• **What is being asked**
In the copy, keep every line below as it is and leave out the pictures.

• **Source data**
──────────────────────────────

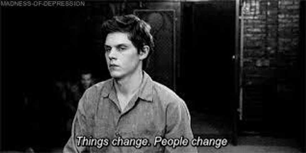 I have never understood why so many people (including myself) are afraid of change. Change is one of the most important aspects of life and everyone changes. Most of the time change is good, healthy, and crucial for growing up and maturing. It can actually be bad if things don't change and can negatively affect someone's life.
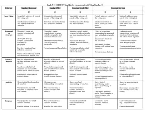 nyc argumentative essay rubric grade 9
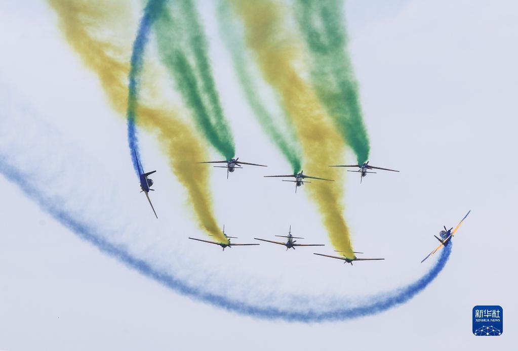 9月7日,飛機在巴西里約熱內盧科帕卡巴納海灘上空進(jìn)行飛行表演,慶祝巴西獨立200周年。

──────────────────────────────

• **Solved exercise**
 I have never understood why so many people (including myself) are afraid of change. Change is one of the most important aspects of life and everyone changes. Most of the time change is good, healthy, and crucial for growing up and maturing. It can actually be bad if things don't change and can negatively affect someone's life.
 nyc argumentative essay rubric grade 9
 9月7日,飛機在巴西里約熱內盧科帕卡巴納海灘上空進(jìn)行飛行表演,慶祝巴西獨立200周年。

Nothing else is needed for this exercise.